Avere già lavorato per diversi anni a scuola non significa necessariamente sentirsi pronti davanti a una classe. Il passaggio dal sostegno al posto comune può mettere un docente di fronte a responsabilità diverse e restituirgli, almeno inizialmente, la stessa sensazione di spaesamento provata al suo primo ingresso in aula.
Non perché l’esperienza precedente non sia servita. Al contrario, il sostegno insegna spesso a osservare ciò che si nasconde dietro un comportamento, a non fermarsi davanti a quello che un bambino non riesce ancora a fare e a cercare strade differenti quando quella scelta inizialmente non funziona.
Sono competenze che non appartengono soltanto al rapporto con l’alunno con disabilità.
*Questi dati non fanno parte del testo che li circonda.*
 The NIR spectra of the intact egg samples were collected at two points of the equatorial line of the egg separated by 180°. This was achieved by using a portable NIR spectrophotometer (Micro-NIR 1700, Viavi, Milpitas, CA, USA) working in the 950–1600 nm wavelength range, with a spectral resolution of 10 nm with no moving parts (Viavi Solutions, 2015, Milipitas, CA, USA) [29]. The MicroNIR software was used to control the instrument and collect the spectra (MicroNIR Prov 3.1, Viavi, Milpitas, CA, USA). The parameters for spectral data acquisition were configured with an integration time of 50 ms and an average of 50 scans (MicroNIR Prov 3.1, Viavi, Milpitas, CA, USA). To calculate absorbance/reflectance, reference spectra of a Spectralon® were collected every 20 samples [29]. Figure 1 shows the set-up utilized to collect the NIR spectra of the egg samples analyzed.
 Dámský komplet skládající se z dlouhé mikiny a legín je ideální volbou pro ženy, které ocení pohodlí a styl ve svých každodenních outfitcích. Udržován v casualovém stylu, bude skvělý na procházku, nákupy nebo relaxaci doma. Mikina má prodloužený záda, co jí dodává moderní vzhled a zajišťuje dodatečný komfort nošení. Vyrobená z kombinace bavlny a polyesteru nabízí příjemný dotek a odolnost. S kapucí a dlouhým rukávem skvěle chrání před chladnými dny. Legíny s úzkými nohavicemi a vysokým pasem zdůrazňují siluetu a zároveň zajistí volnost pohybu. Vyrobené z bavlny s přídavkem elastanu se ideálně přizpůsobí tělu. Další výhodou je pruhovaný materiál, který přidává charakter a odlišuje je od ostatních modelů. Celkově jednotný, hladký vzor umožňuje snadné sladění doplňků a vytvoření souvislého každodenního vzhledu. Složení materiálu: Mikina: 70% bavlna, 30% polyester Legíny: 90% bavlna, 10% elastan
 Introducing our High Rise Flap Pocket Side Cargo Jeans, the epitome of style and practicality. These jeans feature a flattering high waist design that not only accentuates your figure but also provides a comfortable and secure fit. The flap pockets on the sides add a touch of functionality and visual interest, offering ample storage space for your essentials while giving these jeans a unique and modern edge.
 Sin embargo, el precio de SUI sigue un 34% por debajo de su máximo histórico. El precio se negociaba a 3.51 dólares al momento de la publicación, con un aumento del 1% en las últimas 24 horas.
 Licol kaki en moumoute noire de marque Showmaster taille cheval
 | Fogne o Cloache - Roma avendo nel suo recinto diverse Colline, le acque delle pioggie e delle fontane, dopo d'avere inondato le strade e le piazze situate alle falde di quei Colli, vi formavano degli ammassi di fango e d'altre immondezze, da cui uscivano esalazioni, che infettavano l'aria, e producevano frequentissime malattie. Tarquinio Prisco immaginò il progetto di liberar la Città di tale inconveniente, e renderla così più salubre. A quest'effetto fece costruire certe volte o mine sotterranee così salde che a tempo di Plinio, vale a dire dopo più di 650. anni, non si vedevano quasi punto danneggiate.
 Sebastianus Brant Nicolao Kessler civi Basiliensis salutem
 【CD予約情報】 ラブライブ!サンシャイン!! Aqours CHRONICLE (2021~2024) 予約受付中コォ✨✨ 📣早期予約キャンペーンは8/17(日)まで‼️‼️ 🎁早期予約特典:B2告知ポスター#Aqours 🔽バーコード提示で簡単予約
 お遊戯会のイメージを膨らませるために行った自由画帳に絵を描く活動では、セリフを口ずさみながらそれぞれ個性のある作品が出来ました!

Saper cambiare linguaggio, modificare un’attività e riconoscere una difficoltà prima che diventi una barriera può rivelarsi prezioso per tutta la classe.
Eppure il posto comune apre problemi nuovi. Non basta scegliere una pagina del libro o preparare una scheda. Occorre costruire un percorso, individuare gli obiettivi, trasformarli in attività accessibili, riconoscere i livelli di partenza e decidere quando proseguire.
Ed è qui che possono nascere le domande più difficili: hanno davvero capito? Chi non alza la mano sta seguendo oppure teme di ammettere di essere rimasto indietro? Quanto tempo bisogna dedicare a un argomento? E che cosa si può fare per aiutare chi ha bisogno di rallentare senza frenare chi è già pronto ad andare avanti?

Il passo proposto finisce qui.